Ce sont pourtant des enjeux très similaires : Amazon commande en de telles quantités qu'au lieu de négocier sa marge avec les diffuseurs, comme les autres, il le fait directement avec les éditeurs, et achemine directement les livres depuis les ateliers de l'imprimeur jusqu'à ses propres entrepôts, en raflant au passage les marges de tous les intermédiaires. Donc Amazon pourrait, "techniquement", faire payer le livre moins cher puisqu'il fait de substantielles économies. Mais ce serait illégal, parce que la loi Lang impose le prix unique, justement pour éviter qu'un acteur en position de force comme celle-là ne plante tout le marché et ne condamne la librairie indépendante.
(Déjà, rappelons que quand on leur a imposé de ne pas cumuler frais de port gratuit et remise de 5%, ils s'y sont "soumis" en... mettant les frais de port à 1 centime. Ça s'appelle un doigt d'honneur.)L'impression à la demande, en quelque sorte, ce n'est jamais qu'une radicalisation de ça
(et Amazon ne fait jamais que ce qu'a tenté la Fnac dans les années 70), sauf que les bénéfices sur les marges "court-circuitées" reviennent à l'éditeur et pas au détaillant. Et que la clé de l'économie se fait sur le fait de produire
moins, mais à plus bas coût, plutôt qu'en jouant sur une grande quantité de production et/ou d'achat, avec des centaines ou des milliers de volume qui soit devront être stockés pendant des années, soit seront au final pilonnés. (Ce n'est pas forcément plus mal d'un point de vue écologique, soit dit en passant.)
On pourrait envisager que ça fasse baisser le prix de vente pour un livre qui ne serait destiné à être diffusé QUE par ce biais, mais ça, je doute que ça devienne un modèle massif, ou du moins pas avant un bon moment... justement pour les raisons que tu as pointées.

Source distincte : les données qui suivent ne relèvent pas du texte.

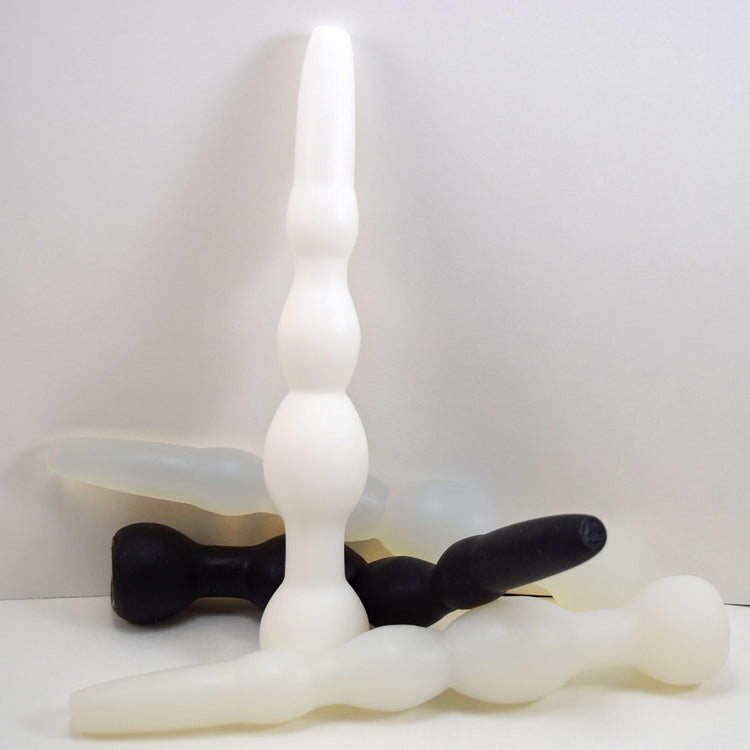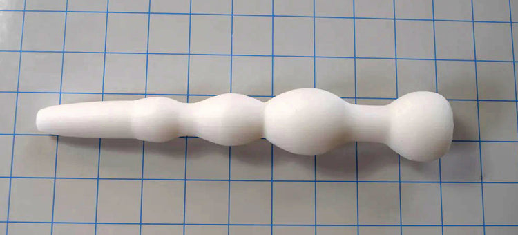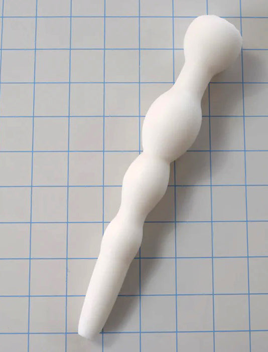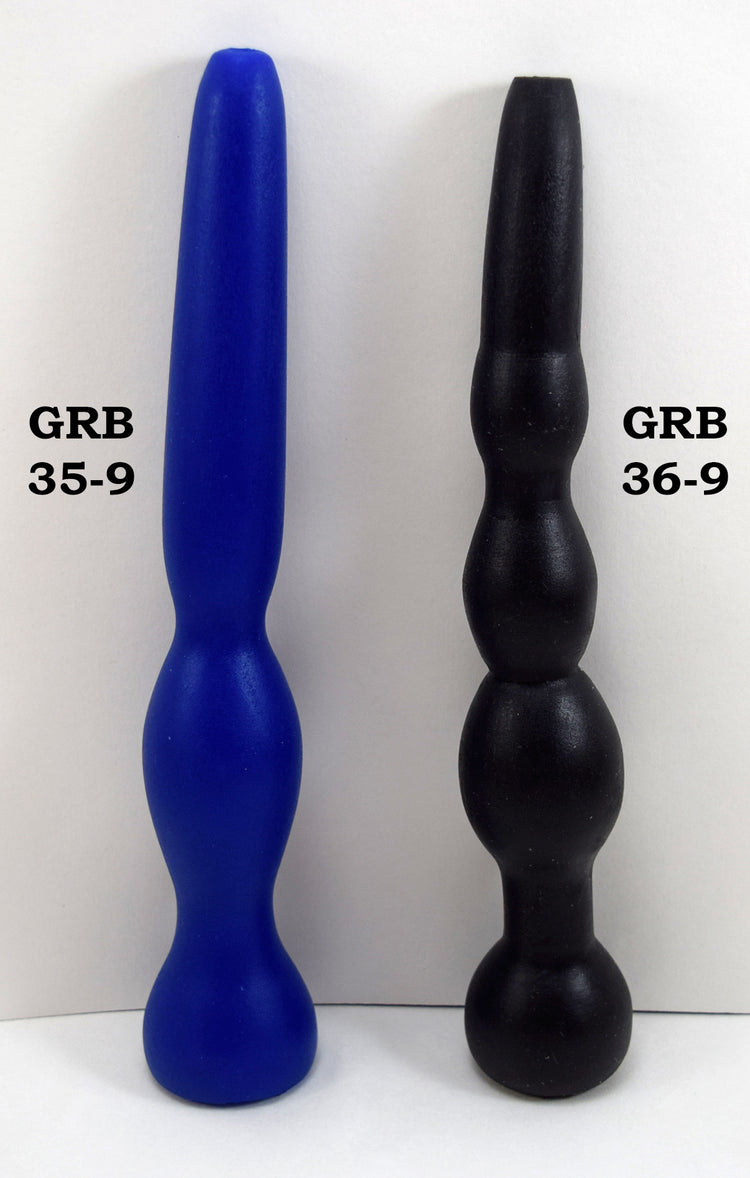 Here is a great nozzle for the new or frequent user wanting a retaining ball style nozzle with a smaller sized retaining expansion ball. This model is great for amateur users, ladies, or small-frame individuals. The GRB36-9 has a 9” long total length (allowing 7.5” for insertion). It starts off with the 2.25" long, approximately 3/4" diameter (19mm) rounded tapered tip. The first small ball expansion is 1" in diameter (25mm), followed by a 0.7" (17.7mm) valley which is followed by another 1.1" diameter ball (28mm) and 0.75” (19mm) accompanying valley. The final graduated retaining ball is a 1.4” diameter (35.5mm) smooth oval-shaped ball with a 1” long accompanying retaining valley of 0.75” (19mm). The final retaining ball allows for a most comfortable filling experience and will maintain retention during filling and minimize leakage. The multiple graduated balls and valleys allow you options to place the nozzle at your preferred depth.
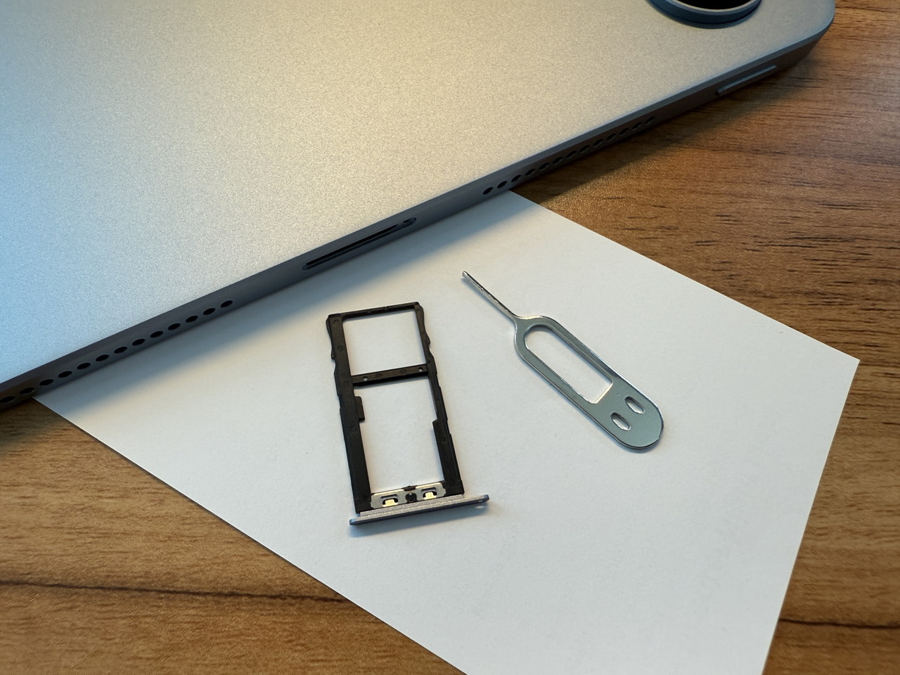 ▼付属のピンでスロットを開き、デュアルnanoSIMカードおよび最大2TBのマイクロSDカードを挿入可能。

Ce qui pourrait s'envisager aussi, mais c'est pas gagné non plus, c'est que les auteurs s'organisent pour faire pression afin que leur propres bénéfices soient recalculés dans l'affaire. Dans l'état actuel des choses, c'est en moyenne 10% du prix d'un livre qui revient à l'auteur, 20% à l'éditeur, et bien sûr il y a les 5,5% de TVA qui reviennent à l'État : le reste, soit quasiment les deux tiers, se répartit entre l'imprimeur, le diffuseur, le distributeur, et le libraire. Si l'éditeur se débrouille pour que ces deux tiers lui reviennent
aussi, la moindre des choses serait qu'une partie revienne aux auteurs, et pas qu'on soit sur un modèle 10% auteur / 85% éditeur / 5% État.